▶ Problem description
Retype the records below word for word and omit any image.

*** Opening of Data excerpts ***

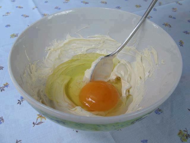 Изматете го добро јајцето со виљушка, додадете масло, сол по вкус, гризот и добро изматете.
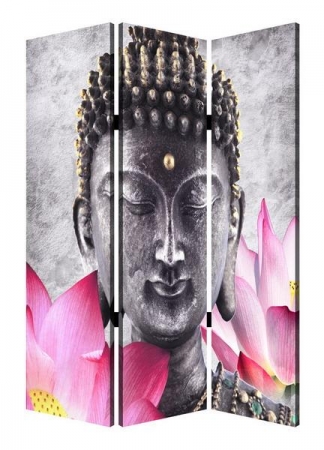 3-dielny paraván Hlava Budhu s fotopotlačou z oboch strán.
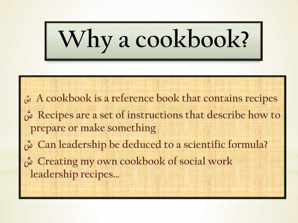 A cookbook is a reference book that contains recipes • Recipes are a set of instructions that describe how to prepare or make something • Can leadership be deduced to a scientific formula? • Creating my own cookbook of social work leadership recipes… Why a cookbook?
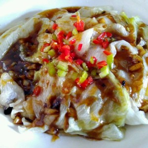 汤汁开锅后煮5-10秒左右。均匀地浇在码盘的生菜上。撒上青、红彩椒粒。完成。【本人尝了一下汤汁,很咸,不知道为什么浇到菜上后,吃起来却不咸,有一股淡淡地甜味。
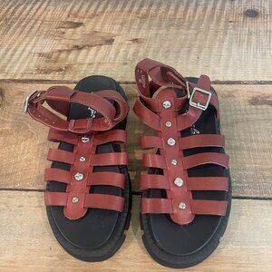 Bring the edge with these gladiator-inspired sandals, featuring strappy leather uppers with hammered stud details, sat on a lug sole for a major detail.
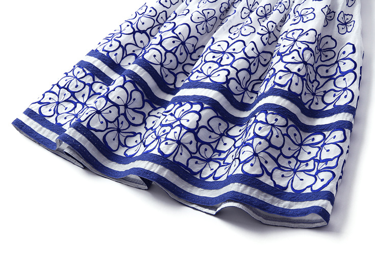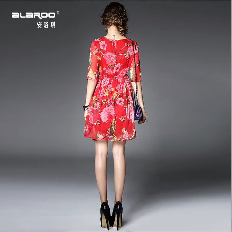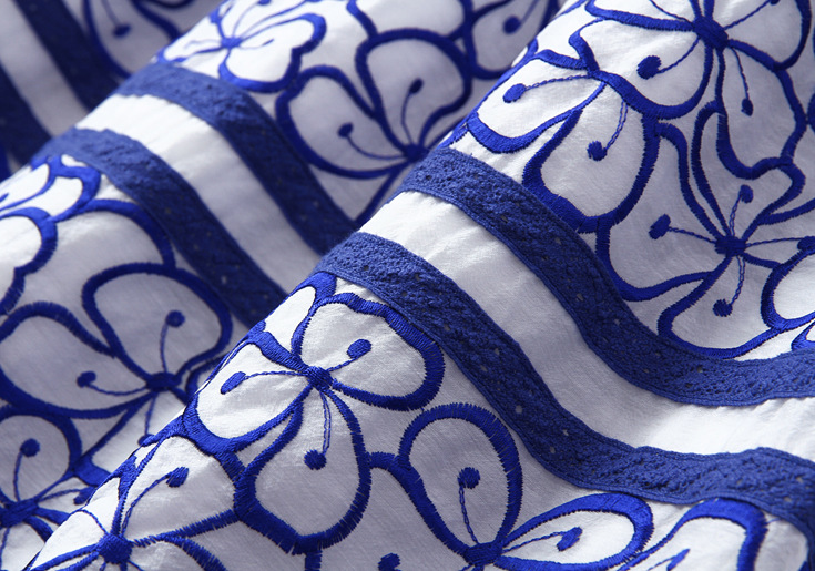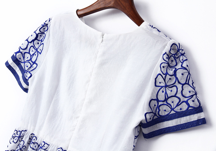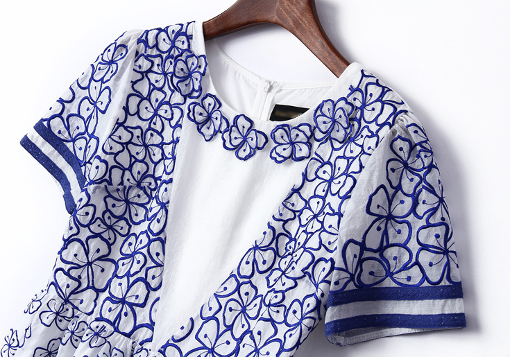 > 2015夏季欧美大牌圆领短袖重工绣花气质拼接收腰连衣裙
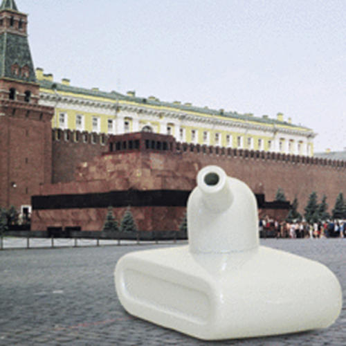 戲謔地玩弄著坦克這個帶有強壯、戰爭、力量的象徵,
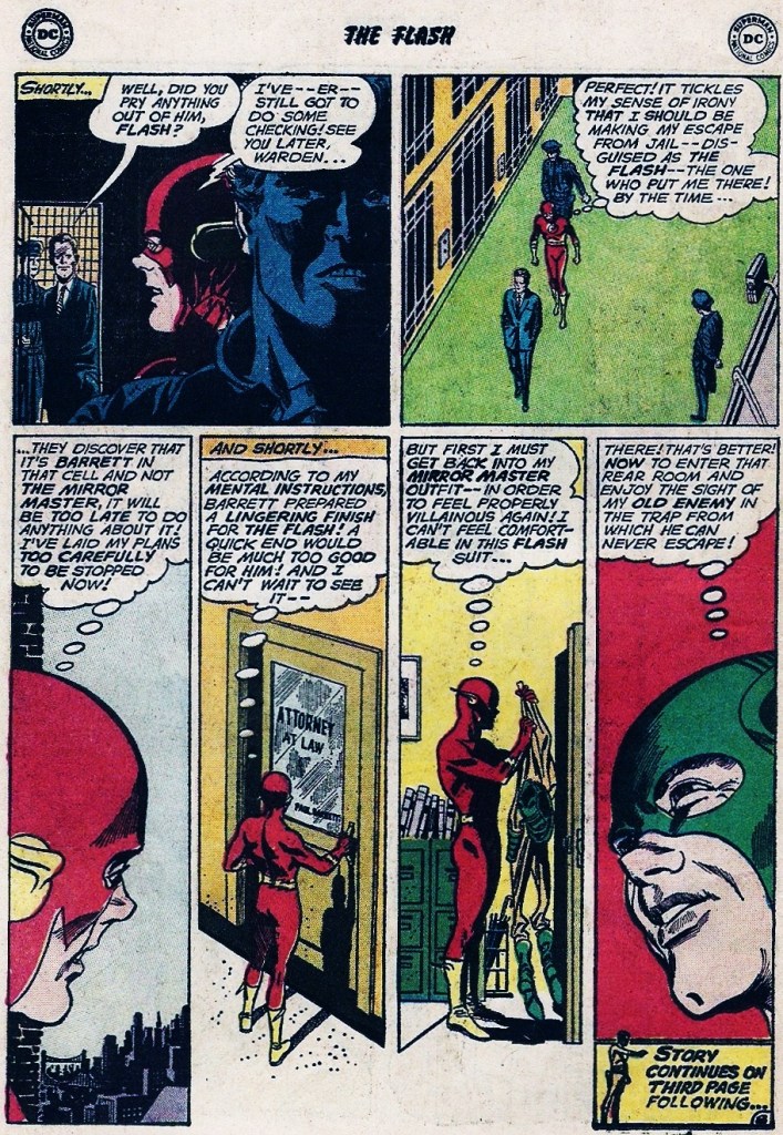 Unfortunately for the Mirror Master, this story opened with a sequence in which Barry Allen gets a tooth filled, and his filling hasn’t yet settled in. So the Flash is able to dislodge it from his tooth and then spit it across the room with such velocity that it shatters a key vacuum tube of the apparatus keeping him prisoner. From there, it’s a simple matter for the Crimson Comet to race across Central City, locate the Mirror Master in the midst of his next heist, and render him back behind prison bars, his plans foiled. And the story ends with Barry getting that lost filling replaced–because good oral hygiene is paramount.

*** Close of Data excerpts ***

▶ Output of the exercise
 Изматете го добро јајцето со виљушка, додадете масло, сол по вкус, гризот и добро изматете.
 3-dielny paraván Hlava Budhu s fotopotlačou z oboch strán.
 A cookbook is a reference book that contains recipes • Recipes are a set of instructions that describe how to prepare or make something • Can leadership be deduced to a scientific formula? • Creating my own cookbook of social work leadership recipes… Why a cookbook?
 汤汁开锅后煮5-10秒左右。均匀地浇在码盘的生菜上。撒上青、红彩椒粒。完成。【本人尝了一下汤汁,很咸,不知道为什么浇到菜上后,吃起来却不咸,有一股淡淡地甜味。
 Bring the edge with these gladiator-inspired sandals, featuring strappy leather uppers with hammered stud details, sat on a lug sole for a major detail.
 > 2015夏季欧美大牌圆领短袖重工绣花气质拼接收腰连衣裙
 戲謔地玩弄著坦克這個帶有強壯、戰爭、力量的象徵,
 Unfortunately for the Mirror Master, this story opened with a sequence in which Barry Allen gets a tooth filled, and his filling hasn’t yet settled in. So the Flash is able to dislodge it from his tooth and then spit it across the room with such velocity that it shatters a key vacuum tube of the apparatus keeping him prisoner. From there, it’s a simple matter for the Crimson Comet to race across Central City, locate the Mirror Master in the midst of his next heist, and render him back behind prison bars, his plans foiled. And the story ends with Barry getting that lost filling replaced–because good oral hygiene is paramount.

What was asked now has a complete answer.